All of my attempts at rescue produced more knots, but also, unfairly, a bigger hole. I watched more YouTube videos and finally decided, close to midnight, to attempt a drastic solution. I removed both needles and started unraveling my knitting down until I reached the part that was free of knots and holes. The yarn yielded stitch by stitch, as I gently pulled. It was pleasurable the way that ripping something along a perforated edge or toppling a line of dominoes is pleasurable. I could see the danger; once you started unraveling, it was difficult to stop. But I did stop. And then, holding my breath, I re-inserted the needle. It seemed to work. I knit forward with alacrity, eager to finish the square. The finished square was not perfect; there was a deviation in one of the rows, like a scar, I thought; but I felt ecstatic.

It was after midnight.

***

The next morning, galvanized by my triumph, I talked sternly to the younger, with Poppins-like authority, about dawdling at bedtime.

But as we were walking to school I admitted, “But it was my fault too. Because I wanted us to get bed early but then I got distracted by trying to fix my knitting.”

“Why did you get distracted?”

“I don’t know. I just felt like I couldn’t put it down.”

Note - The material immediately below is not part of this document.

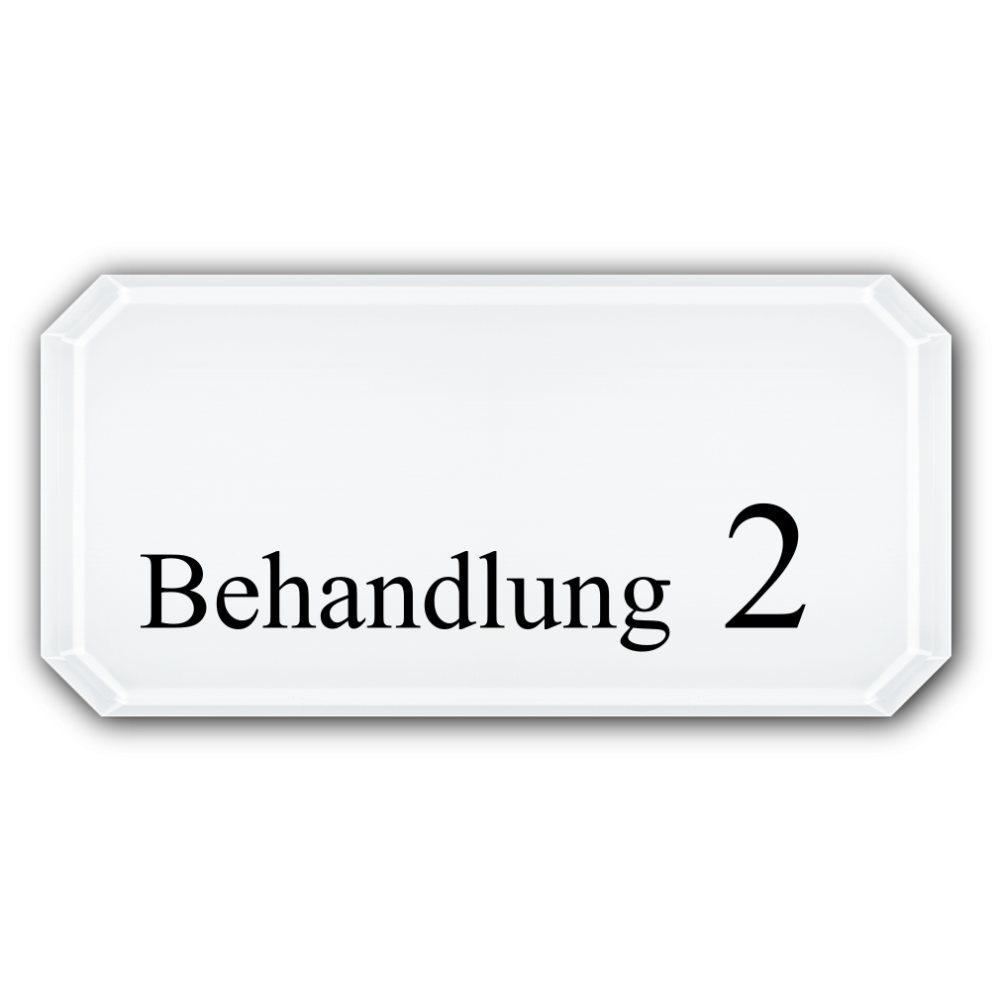 Achteckschild Typ „Düsseldorf“ mit facettierten Kanten, mehrfach im Qualitäts-Digitaldruck hinterdruckt und zum Schutz der Farbschicht rückseitig mit einer 1mm starken weißen Kunststoffplatte deckungsgleich verschweißt.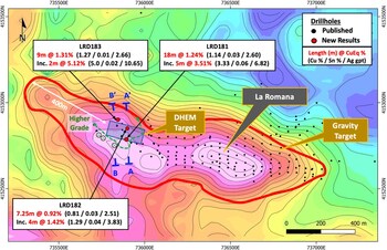 "These drill results from La Romana are very encouraging, confirming the near-surface Cu-Sn-Ag mineralization continues and is open to the west. Drillhole LRD181, with an intercept of 18m of 1.24% CuEq1, represents one of the best results so-far from the current 25-hole drill program targeting the western extension of the deposit. The new holes are 40-to-50 meters from the next nearest holes and highlight potential to extend the higher-grade copper mineralization with further step-outs. The La Romana mineralization now spans 1.5km east-west, and shows significant upside potential for further expansion," said Tim Moody, Pan Global's President & CEO.

“It’s like knitting is your screen time,” she observed casually.

“Hmm,” I said.

“And then you stayed up till midnight knitting,” she went on. “You’re really addicted to it!” she exclaimed.

“Huh,” I said, uncertainly. “I guess I am.”

***

I have to finish proofreading something tomorrow. I had been putting off even starting it for weeks and today was the day I had resolved to start. So I went to the yarn store and picked out some beautiful soft yarn for a new project. It was thicker than the yarn I’d been using for the blanket so I needed some new needles, but I wasn’t sure what size. I asked the very patient assistant who had already been advising me.

“Well, it depends on your knitting style,” she said. “What’s your pattern, do you tend to knit loosely or tightly?”

I shook my head. “I really … I really have no idea,” I said … “Uh, perhaps you could look at my knitting and tell me?”

She smiled, but her gaze did not drop down to the knitting in my bag to which I was gesturing. Instead she held my gaze for a second, strode to the back of the store, grabbed something off a rack on the back wall, and then strode back to the cash register.

“I think these will suit you,” she said, handing me a pair of needles, each one the thickness of a fountain pen. I believed her.